All code is on github.com https://github.com/zdenulo/gcp-search and it's written in Python 3 (some runs only in Python 2 as in this case).
To implement functionality, we will need frontend with some input field to enter text which will be searched and then display results. For this I will use jQuery autocomplete library which makes request to server with input query and then display result automatically.
Next we will need some backend server for which i will use Google App Engine (GAE) (both Standard and Flexible, mostly Flexible) since it's easy to deploy and it scales automatically.
And of course we will need some storage where data about products will be stored used for search which is the whole essence of this s. Truth is, eshops have more complex database architecture, but I'm simplifying here, because we are interested only in search functionality. Normally you would have usual stuff (dozen on properties related to product) stored somewhere in database and stuff that will be searched (product name) only in Search Engine and reference between.
After downloading product_data.tar.gz from Kaggle website and unpacking it, running script extract_product_data.py will extract some information from multiple xml files into one csv file. There are dozen fields per product but I am only saving few and perhaps I will not use even all of those. Obviously product name is most important. Csv file isn't included in repository since it's ~260MB big :).
Frontend is simple and straight forward.
<!DOCTYPE html> <html lang="en"> <head> <meta charset="UTF-8"> <title>Autocomplete</title> <link rel="stylesheet" href="//code.jquery.com/ui/1.12.1/themes/base/jquery-ui.css"> <script src="https://code.jquery.com/jquery-1.12.4.js"></script> <script src="https://code.jquery.com/ui/1.12.1/jquery-ui.js"></script> <script> $(function() { $("#search").autocomplete({ source: function (request, response) { $.ajax({ dataType: "json", url: "/search", data: {query: request.term}, success: function (data) { response(data); } }) }, minLength: 2 }); }); </script> <body> <div class="ui-widget"> <form> <input type="text" id="search" size="55" > </form> </div> </body> </html>
Basically like I wrote earlier, I am using jQuery autocomplete library which with few settings automatically makes queries to /search url where it sends typed query and renders received results.
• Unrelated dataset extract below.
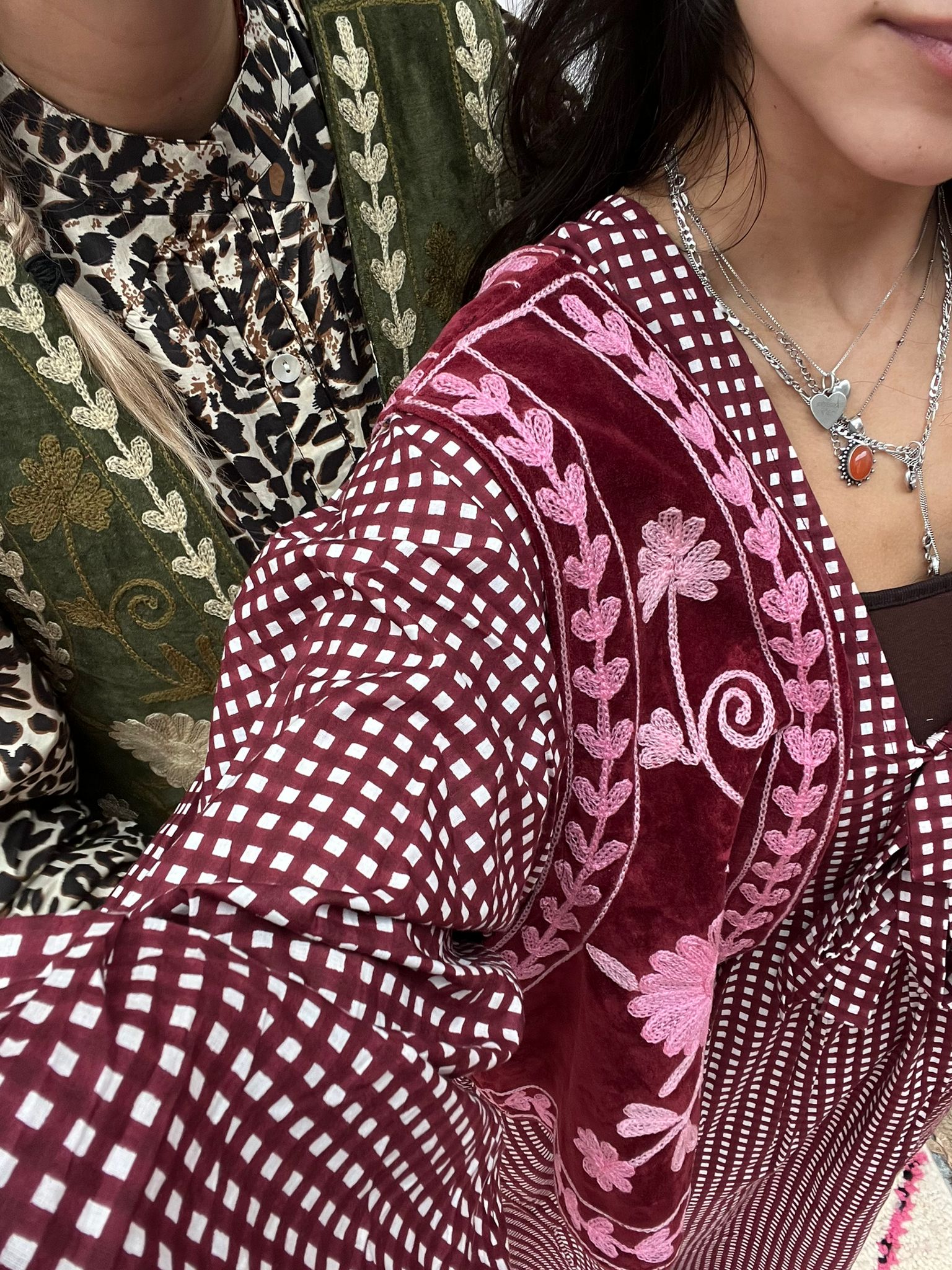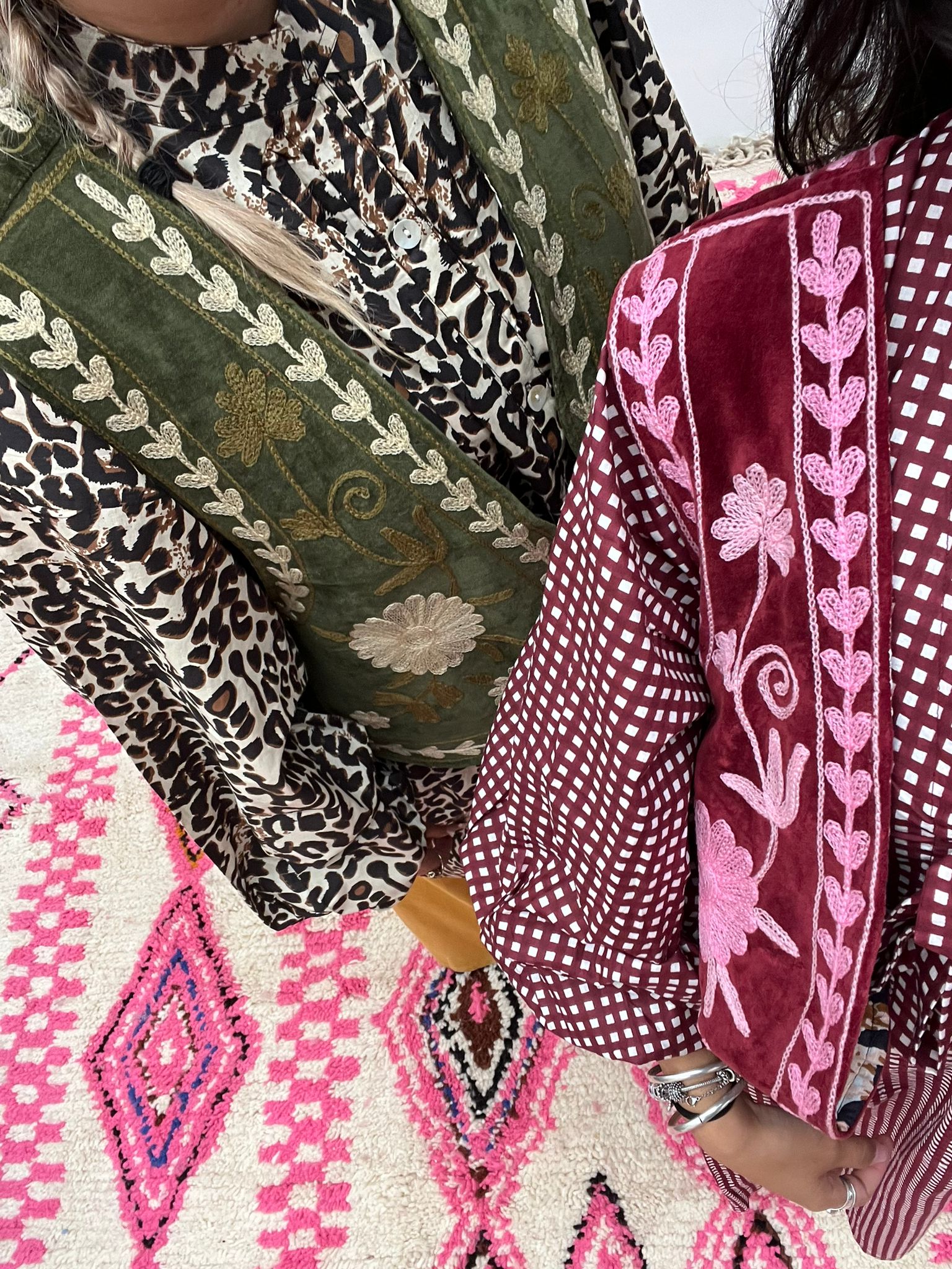 - Veelzijdig: Een Suzani-velvet gilet kan op verschillende manieren worden gestyled. Het kan worden gedragen over een eenvoudige jurk of top voor een vleugje boho-chic, of over een blouse en jeans voor een meer casual look.

As I wrote in the beginning, first service/product which I will use is Search API which is integrated inside Google App Engine Standard.
Some high level overview of Search API:
There are many interesting search features:
I am using App Engine since it's the only way how to use Search API, but beside that it's lightweight, easy to deploy, scales up and down automatically.
Code for web application is in folder gae_search_api/webapp. As mentioned earlier, application runs on GAE Standard (Python 2), I will explain most important parts.
search_base.py contains class SearchEngine with which I will wrap up all operations related to search.
search_api.py contains implementation of SearchEngine class using Search API, here is full code.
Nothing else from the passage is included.